Vampir - Ana Milojković Omi
        A person could become a vampire during their life if they were possessed by the evil spirit; however, in certain areas, it was thought that one could even become a vampire during their life due to the lack of spells cast on a child at an appropriate moment, or if a person signs some kind of a contract with demonic forces. Living vampires also did evil deeds and drank blood, they brought diseases; however, it was more difficult to destroy them.

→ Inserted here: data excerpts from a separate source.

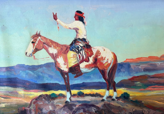 Vern Parker Portrait of Native American on Horseback Oil Painting in Natural Wood Frame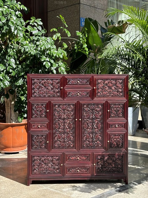 打开柜门的一瞬间,小叶紫檀木材的香气扑鼻而来,这就是顶级材质的天然印记,整件柜子往家里一放,就有一种顶天立地的气场,震撼力十足。它远远不是一件家具,更是一件可以代代相传、承载家族记忆的永恒资产。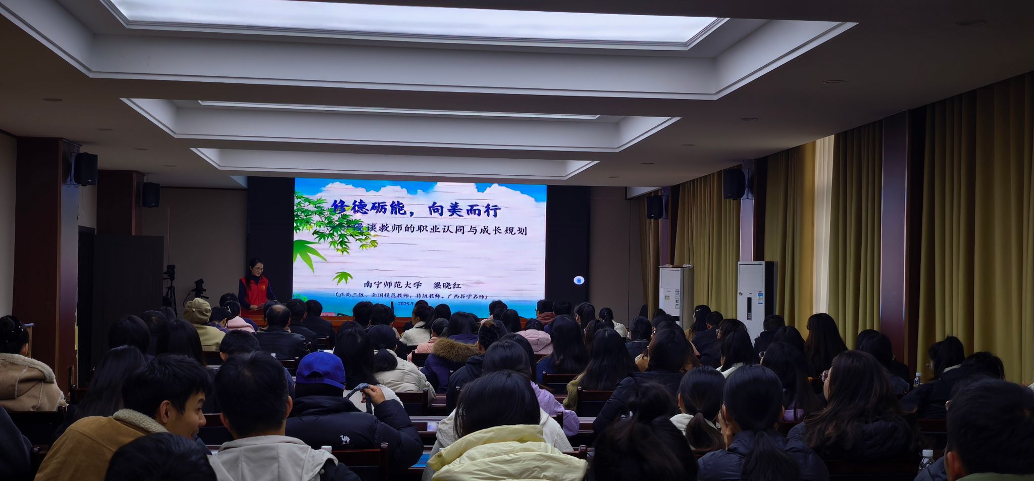 梁晓红教授以“修德励能,向美而行”为主题,通过分享其成为全国模范教师的历程,指导青年教师做好成长规划,进一步强化对教师的职业认同。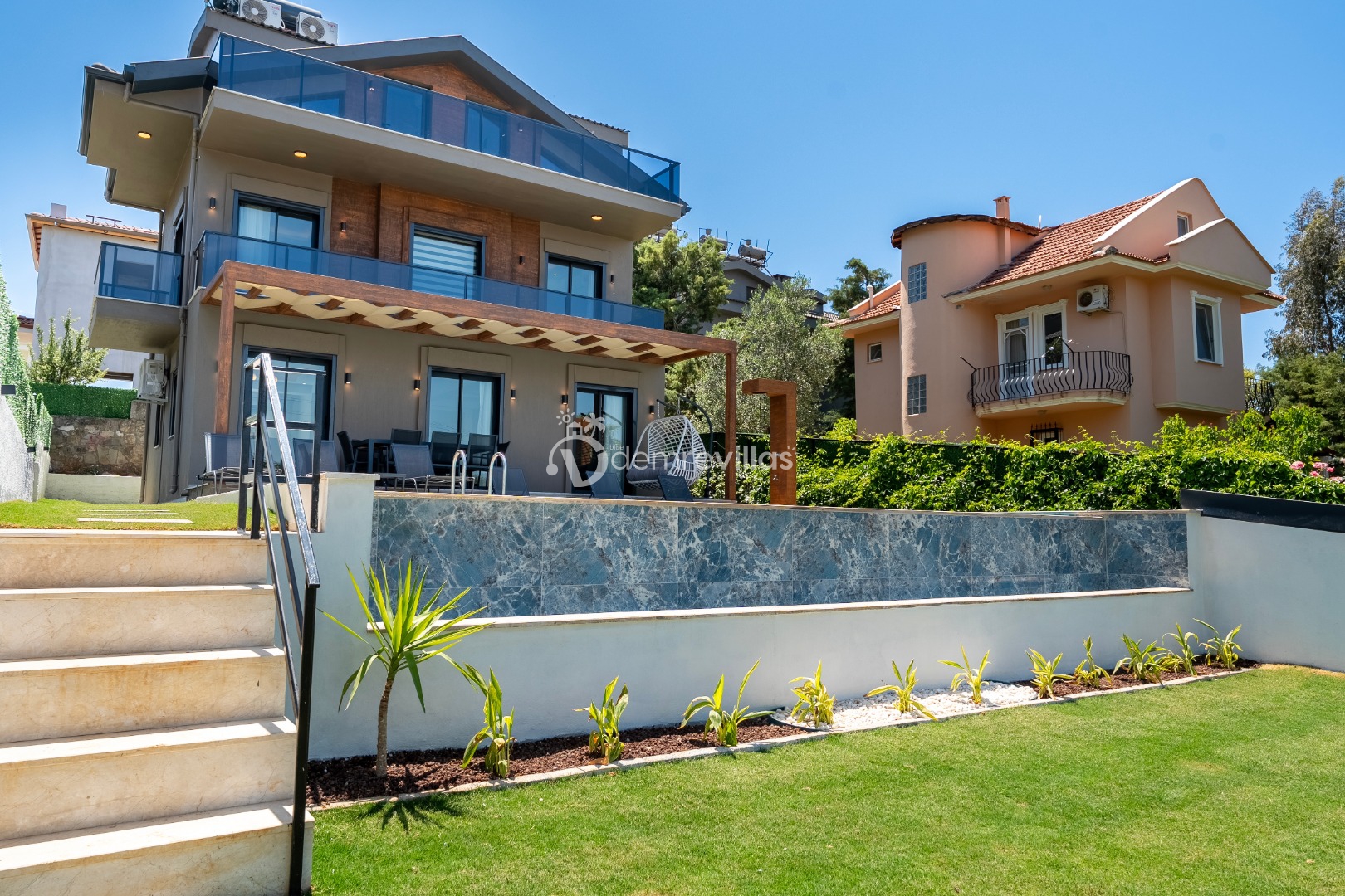 Coğrafi yapısı bakımında dağlık bir alana sahip olan bölgemizdeki villalarımız genel olarak yamaç üzerine kuruludur. Bu nedenle villalarımıza giderken yokuş yukarı çıkılmaktadır. Bu not sadece bu villa ile ilgili değildir. Tüm villalarımızda yazmaktadır.

A living vampire was also called koldun by the Russian, and prikoljish by the Vlahs.
            The vampire is mentioned in The Nestor’s Chronicle; in Dusan’s Code, a penalty was prescribed for those who dug up vampires, whereas a 7th century Nomocanon prescribes a penalty for burning a werewolf. Vampires became a particular sensation in Europe at the beginning of the 18th century. It is believed that the first mentioning of the notion in Western Europe occurred in the Austrian magazine Vossische Zeitung number 98, which was published in 1725. There was a report of the death of Petar Blagojevic (Peter Plogojowitz) after which ten more people died, who said that Blagojevic had contacted them. The team of doctors was even sent from Vienna. After the grave had been dug up, the non decomposed body of Blagojevic was found with traces of blood on his teeth.